| Problem statement |
When writing out the entries below, keep only the lines from the line with "A profile of" to the line with "Vintage Sunbeam 3-gauge", both included, exactly as they are, and leave the pictures aside.
[[ Data open ]]
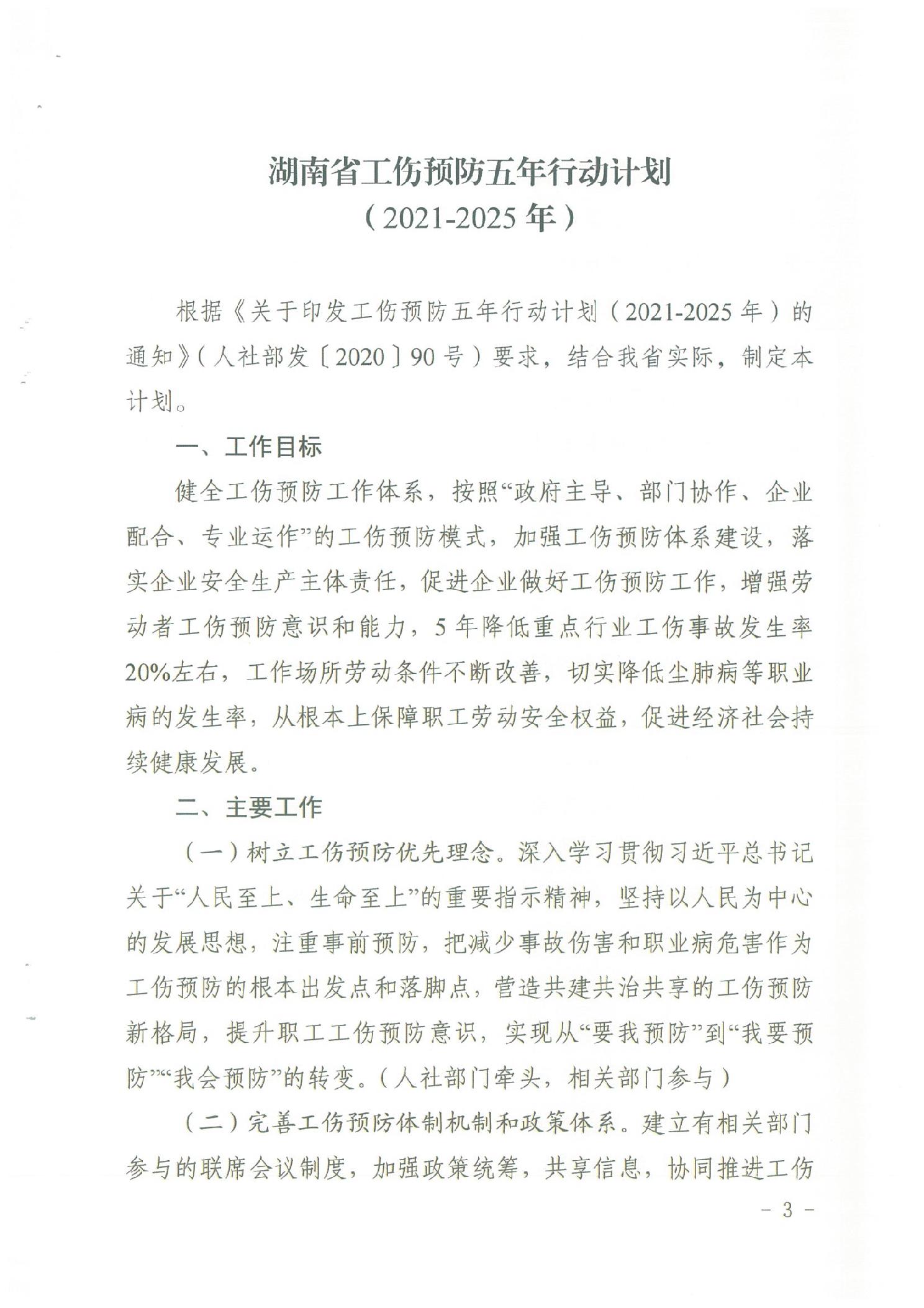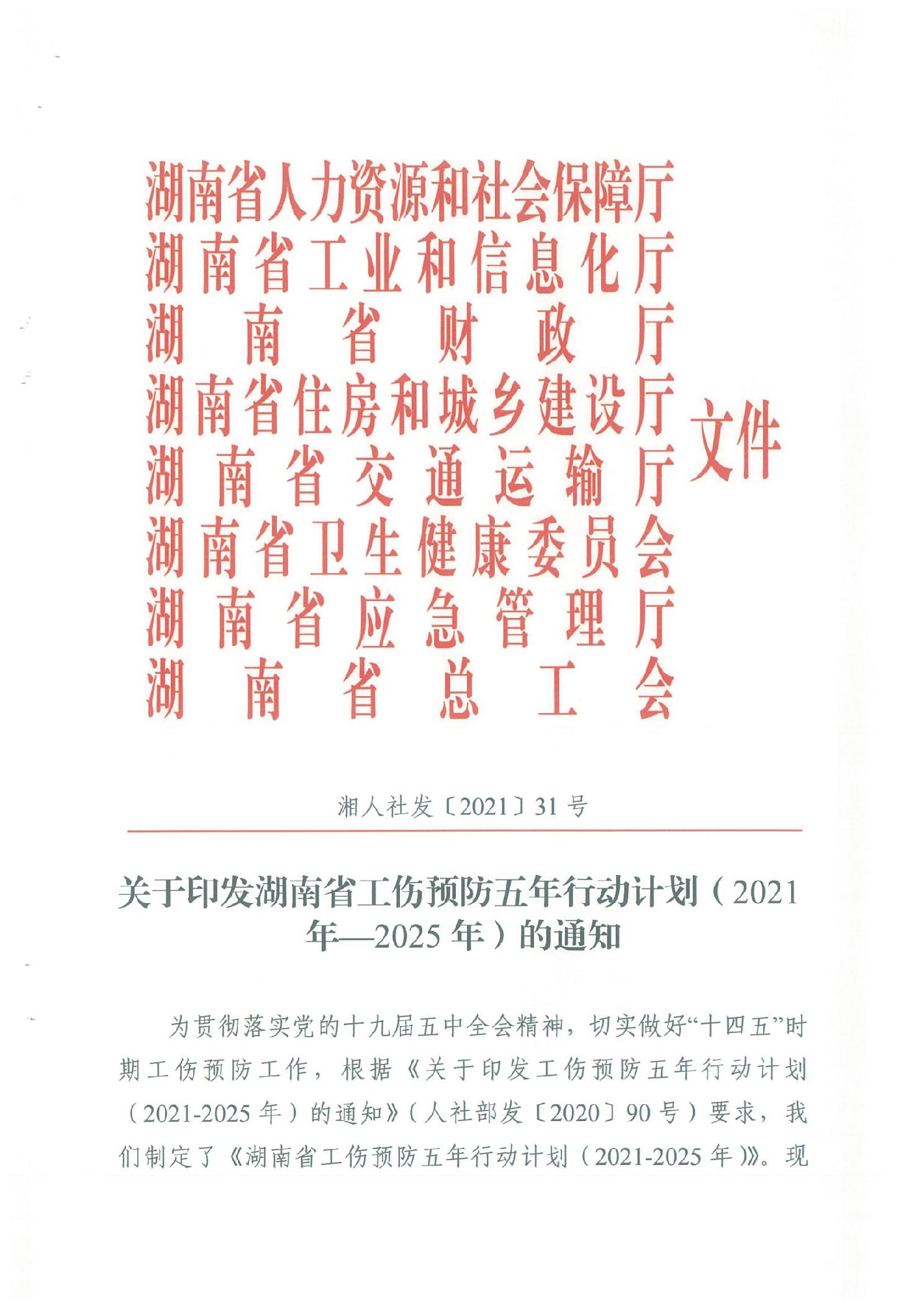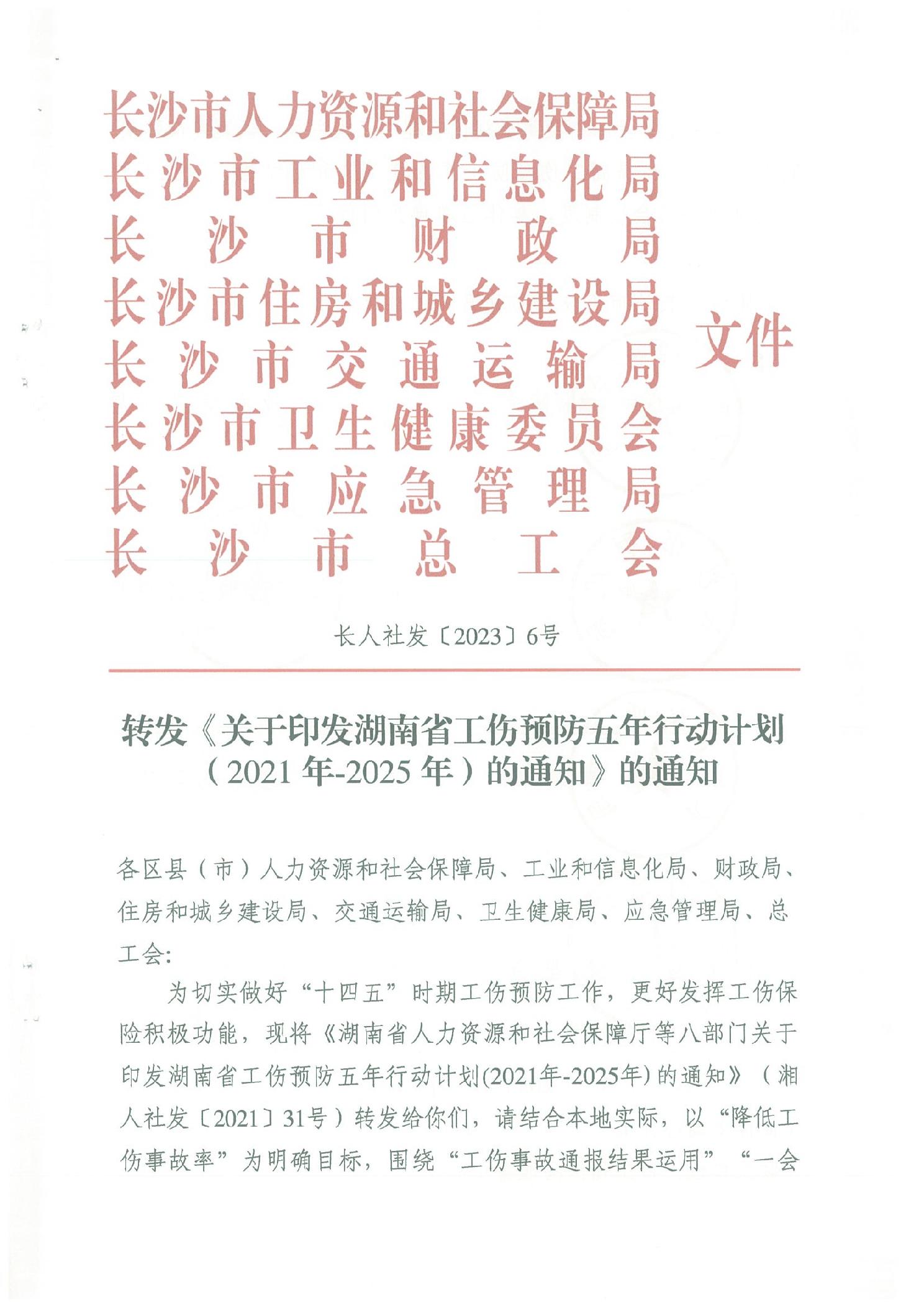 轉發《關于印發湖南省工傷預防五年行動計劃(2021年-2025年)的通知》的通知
[[ Data closed ]]
[[ Data open ]]
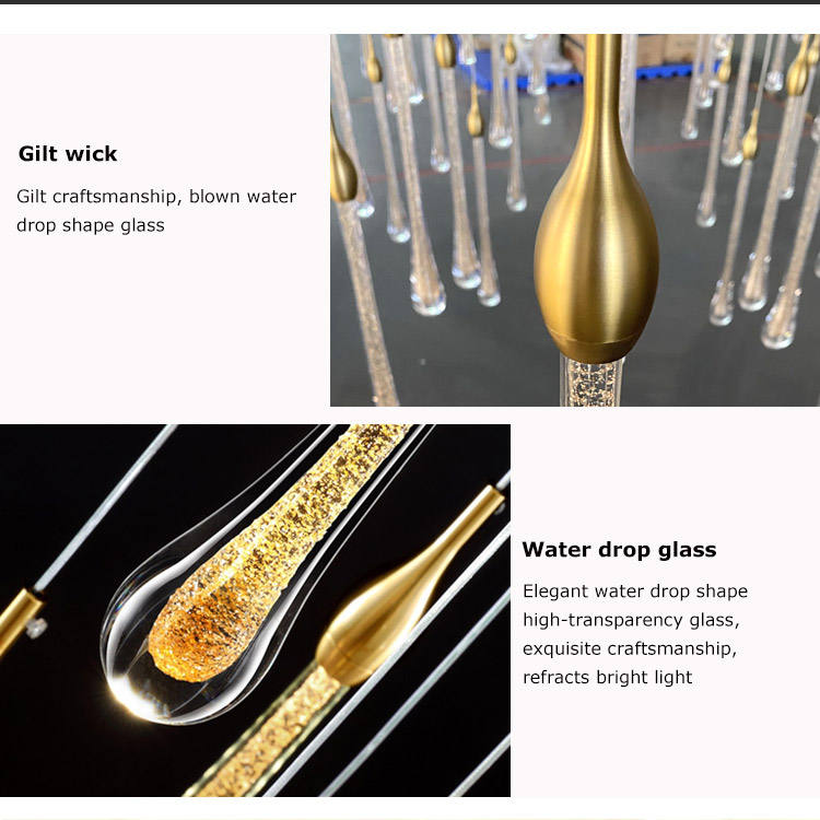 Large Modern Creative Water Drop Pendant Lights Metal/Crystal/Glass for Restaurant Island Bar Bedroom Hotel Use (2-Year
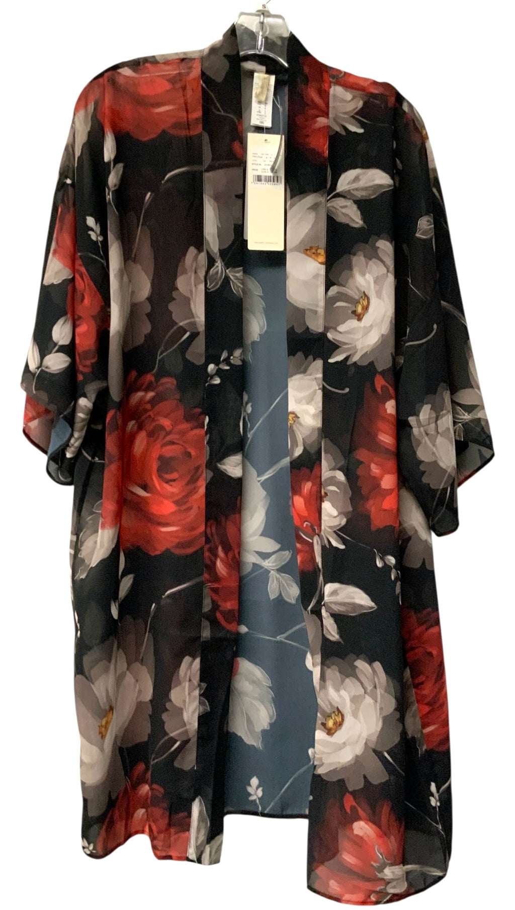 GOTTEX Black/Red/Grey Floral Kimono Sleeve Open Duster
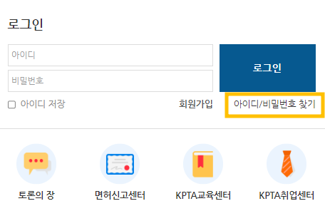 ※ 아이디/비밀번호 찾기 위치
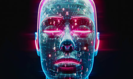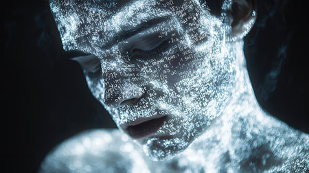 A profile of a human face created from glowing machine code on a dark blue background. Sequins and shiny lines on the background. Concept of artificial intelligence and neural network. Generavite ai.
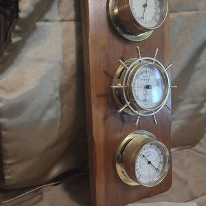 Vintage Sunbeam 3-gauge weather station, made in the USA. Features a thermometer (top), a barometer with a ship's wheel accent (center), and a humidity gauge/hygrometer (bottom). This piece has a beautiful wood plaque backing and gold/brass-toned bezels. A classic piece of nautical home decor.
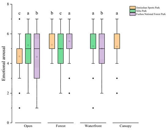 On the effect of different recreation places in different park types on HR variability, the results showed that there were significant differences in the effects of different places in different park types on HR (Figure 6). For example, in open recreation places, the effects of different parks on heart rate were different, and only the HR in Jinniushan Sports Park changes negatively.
[[ Data closed ]]
| Exercise solution |
 A profile of a human face created from glowing machine code on a dark blue background. Sequins and shiny lines on the background. Concept of artificial intelligence and neural network. Generavite ai.
 Vintage Sunbeam 3-gauge weather station, made in the USA. Features a thermometer (top), a barometer with a ship's wheel accent (center), and a humidity gauge/hygrometer (bottom). This piece has a beautiful wood plaque backing and gold/brass-toned bezels. A classic piece of nautical home decor.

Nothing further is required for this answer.